Laura recibe una llamada de la Comunidad de Madrid y esa misma tarde o al día siguiente, se hace ya cargo de la criatura con la que convivirá durante unos meses, hasta que los servicios sociales le encuentren un hogar estable, a ser posible en su propia familia. Luego vuelta a empezar, y a casa con otro niño o niña con las mismas necesidades. No se requiere demasiado para formar parte de esta élite de la generosidad. Familia estable, hijos en casa y que haya siempre alguien pendiente del niño en acogida, es decir, que el padre o la madre no trabajen. Nada más. Y nada menos. Porque el requisito fundamental es la disposición a renunciar a tiempo y espacio propios para entregarle esa vida a alguien que ha empezado la suya sufriendo.

¿Y no te da miedo encariñarte con ellos (porque todos repiten) y llevarte algo más que un disgusto cuando tienes que volver a entregarlo a los servicios sociales? Y a Laura siempre le parece que esa pregunta, comprensible, humana, es en el fondo autojustificativa, un argumento para pasar sin tocar y sin apenas hacer ruido, al lado de una realidad que nos desasosiega y rechazamos. Claro que sientes cariño y apego, claro que duele separarse de quien has visto crecer física y anímicamente, y muy a menudo también de salud (porque hay héroes de esta élite que acogen a niños con patologías a veces complicadas), pero ¿en quién hay que pensar cuando se es generoso? ¿En nosotros o en los demás? ¿Qué debe pesar más, el escozor de nuestro apego, o el bienestar que se ha empezado a regalar a una criatura destinada al desamparo? ¿Quién es más importante, ellos o nosotros? Ahí está la respuesta: ayudar, servir, acoger, son actos de verdadera generosidad. No se lleva Laura a casa un bebé para sentirse mejor y alimentar su instinto natural, sino para que el bebé tenga espacio de afecto y si es posible cambiar infierno por esperanza. Reescribir una vida que empezó mal y puede cambiarse.

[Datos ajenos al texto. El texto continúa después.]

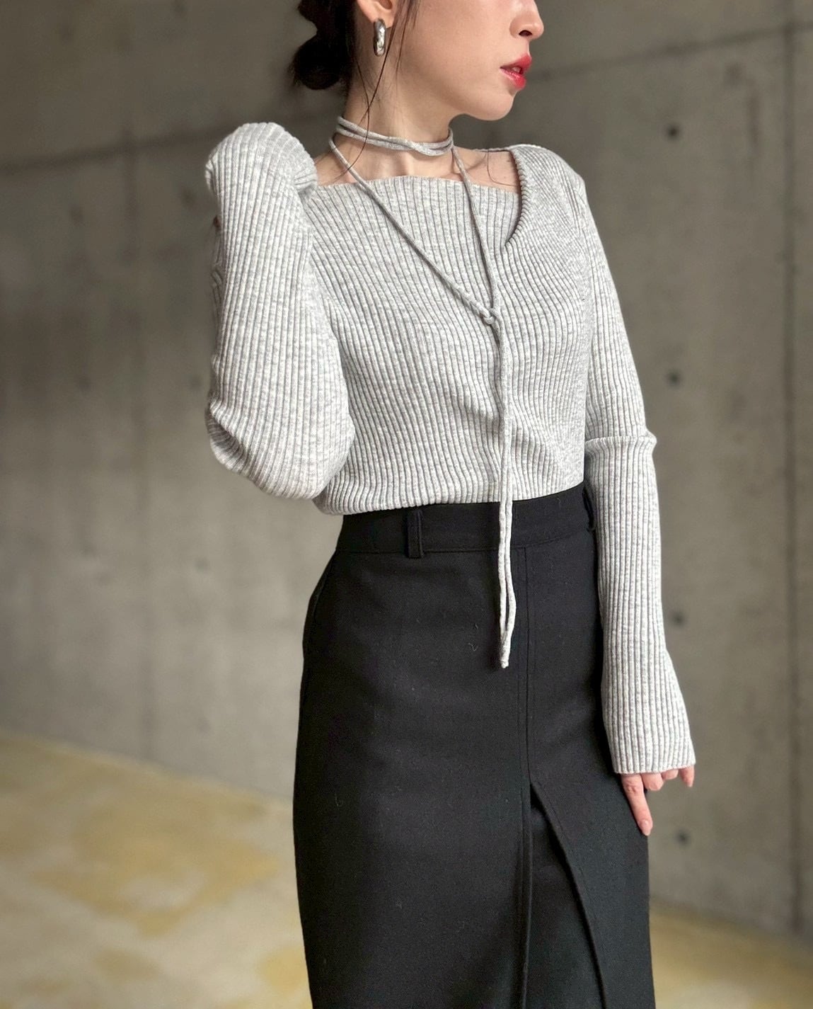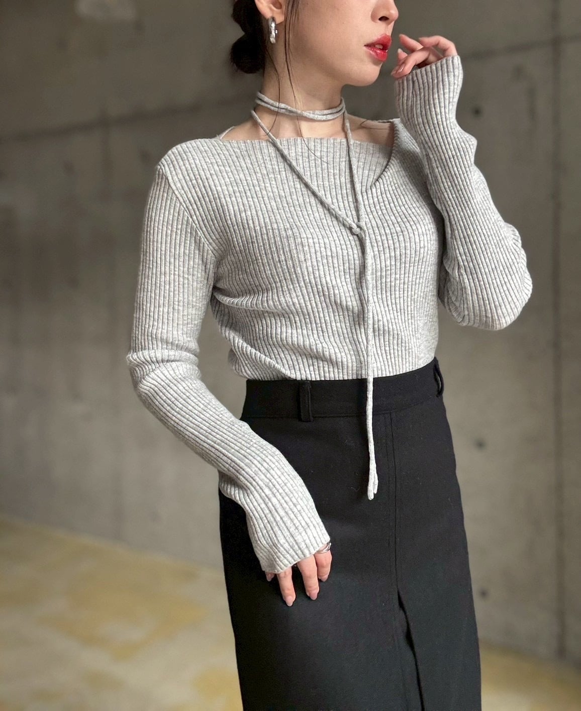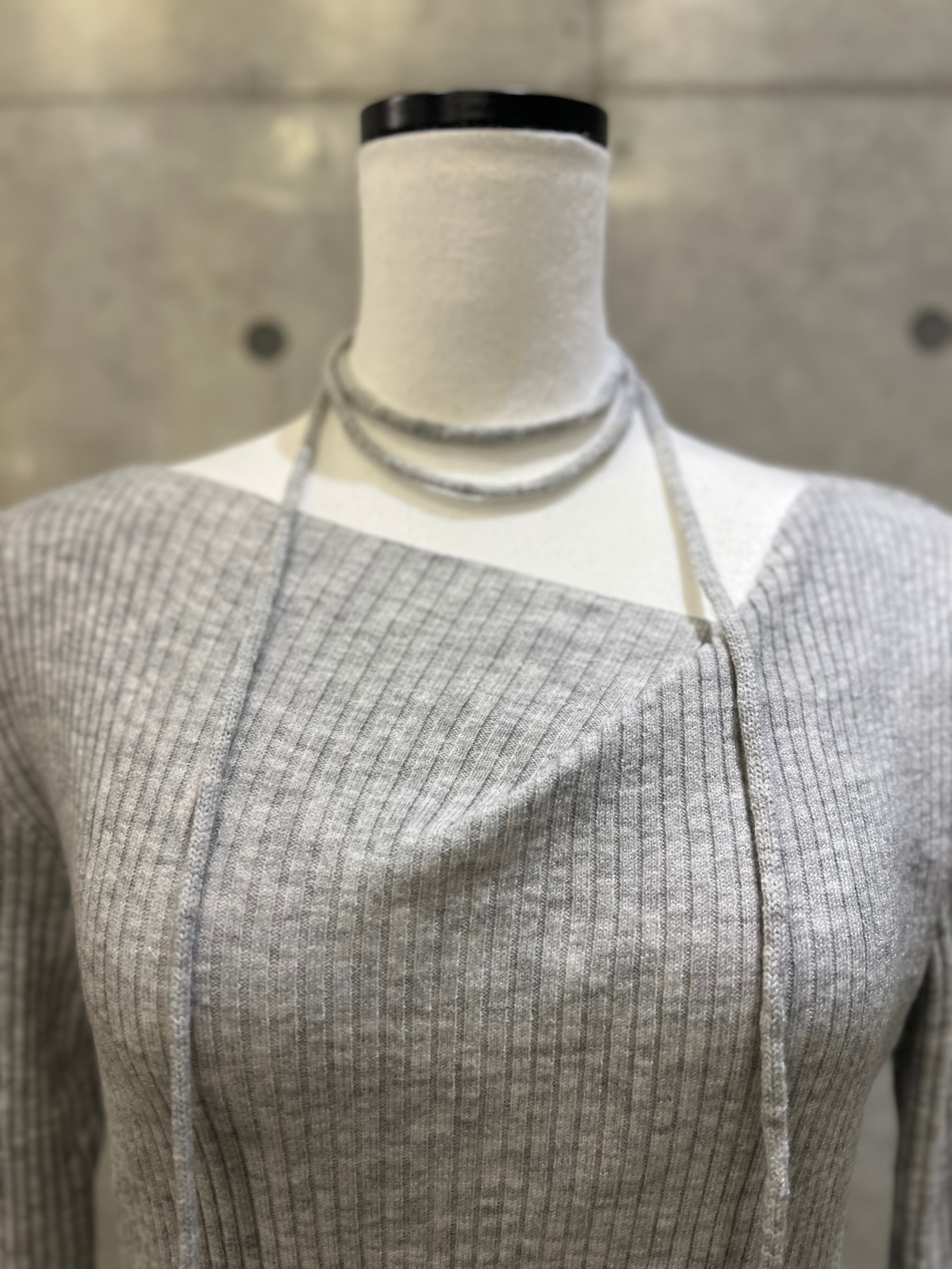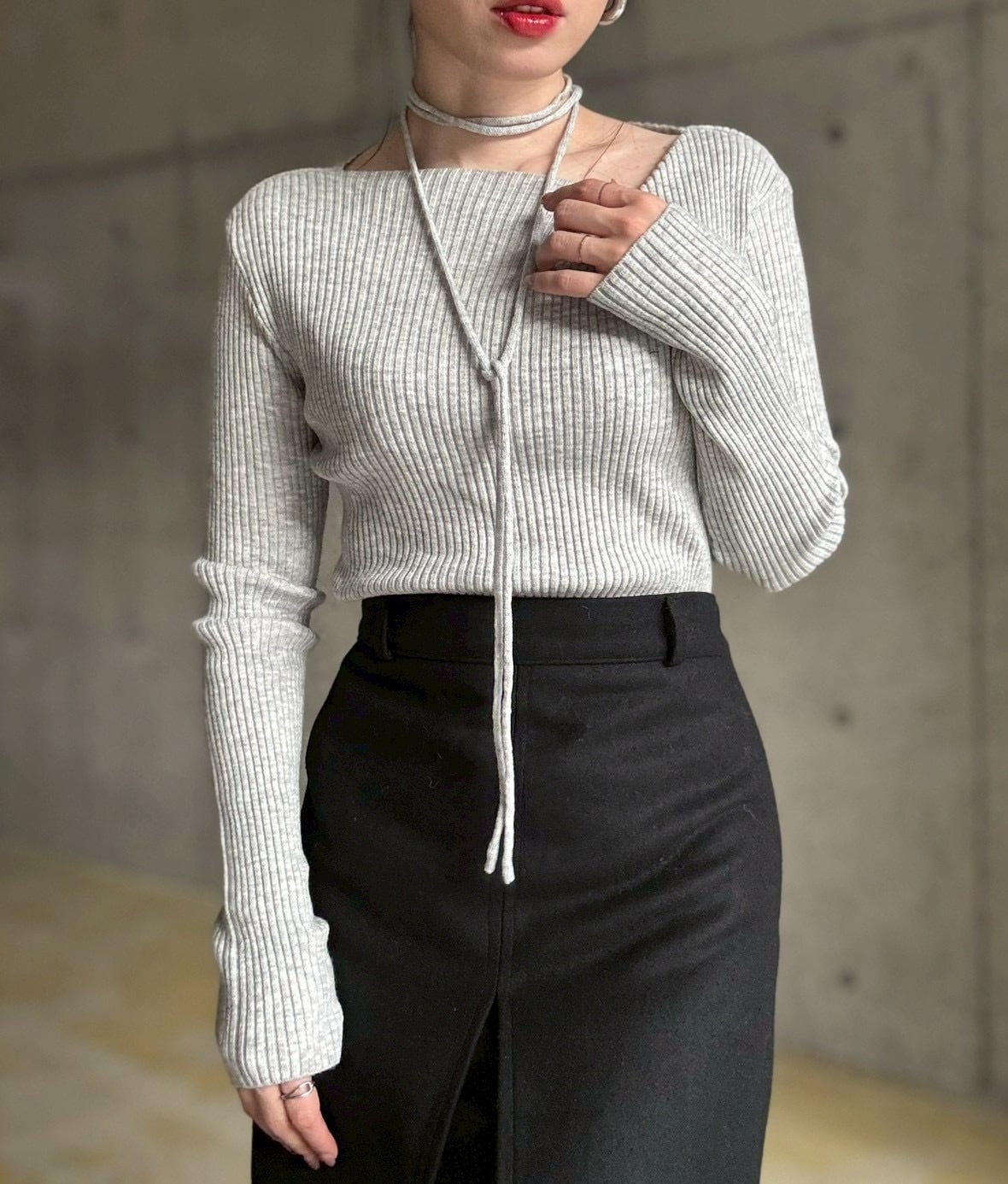 【12/27 21:00〜】チョーカー付きデザインリブニット【ライトグレー】

Laura escucha en las noticias los debates sobre la reforma legal que afectará al tratamiento de los menores no acompañados, los llamados menas (percibe que casi siempre en tonalidades oscuras, de prejuicio o desprecio) y mira a la niña que llegó a casa hace cuatro días. Frágil, dolorosamente vulnerable, forma parte de ese universo olvidado de los niños y niñas que tienen que ser salvados de la violencia o los adolescentes que huyen de ella o simplemente escapan a lo que creen una mejor vida. Todos son menores y todos están solos (lo de «no acompañados» es un eufemismo también para marcar distancias) A todos ellos hay que atenderles, darles protección, procurarles cariño en lo posible.

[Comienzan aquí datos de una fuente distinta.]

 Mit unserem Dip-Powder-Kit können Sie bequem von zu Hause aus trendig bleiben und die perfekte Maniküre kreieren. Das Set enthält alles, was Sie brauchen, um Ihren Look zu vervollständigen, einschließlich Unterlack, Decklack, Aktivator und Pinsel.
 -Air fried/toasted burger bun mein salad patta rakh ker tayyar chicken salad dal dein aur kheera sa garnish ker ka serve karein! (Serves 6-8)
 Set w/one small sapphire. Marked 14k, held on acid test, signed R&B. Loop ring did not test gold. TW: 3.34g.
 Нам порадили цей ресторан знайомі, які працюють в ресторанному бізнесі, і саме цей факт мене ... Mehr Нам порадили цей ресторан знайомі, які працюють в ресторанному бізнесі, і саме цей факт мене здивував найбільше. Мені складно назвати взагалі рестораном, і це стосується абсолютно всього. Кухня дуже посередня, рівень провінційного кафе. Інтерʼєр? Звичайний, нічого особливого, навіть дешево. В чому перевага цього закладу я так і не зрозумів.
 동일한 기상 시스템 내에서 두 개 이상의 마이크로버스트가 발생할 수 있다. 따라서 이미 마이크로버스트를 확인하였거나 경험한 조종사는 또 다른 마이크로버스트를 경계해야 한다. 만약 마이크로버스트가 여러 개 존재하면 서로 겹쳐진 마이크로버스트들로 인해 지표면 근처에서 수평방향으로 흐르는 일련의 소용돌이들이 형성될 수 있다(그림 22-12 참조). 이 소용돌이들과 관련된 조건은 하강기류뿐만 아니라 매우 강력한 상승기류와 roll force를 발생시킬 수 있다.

En comunidades como Madrid, con planes de acogimiento y residencias, con ayuda a los niños y niñas pero también a sus familias. Laura habló el otro día con Marian, que tuvo que dejar a sus hijas y hoy está cerca de recuperarlas porque su vida ha cambiado y ahora puede darles lo que les negó cuando se las quitaron. Laura escucha llorar a la niña con la fuerza del hambre, y piensa en su familia, en cómo se están volcando en ella. Y en todas las lauras y familias que acogen a niños de cualquier edad y condición en su casa para amortiguar en lo posible los afilados perfiles de una vida que será siempre distinta a la de los nuestros. Más difícil, más dura, acaso por ello más vivida y fructífera.

Laura vive en la Comunidad de Madrid y no puede imaginar un modo más útil de gastar sus impuestos. Sonríe cuando escucha en la radio una obviedad en la que casi nadie cae: Marco, el que buscó a su madre de los Apeninos a los Andes, era en realidad un mena.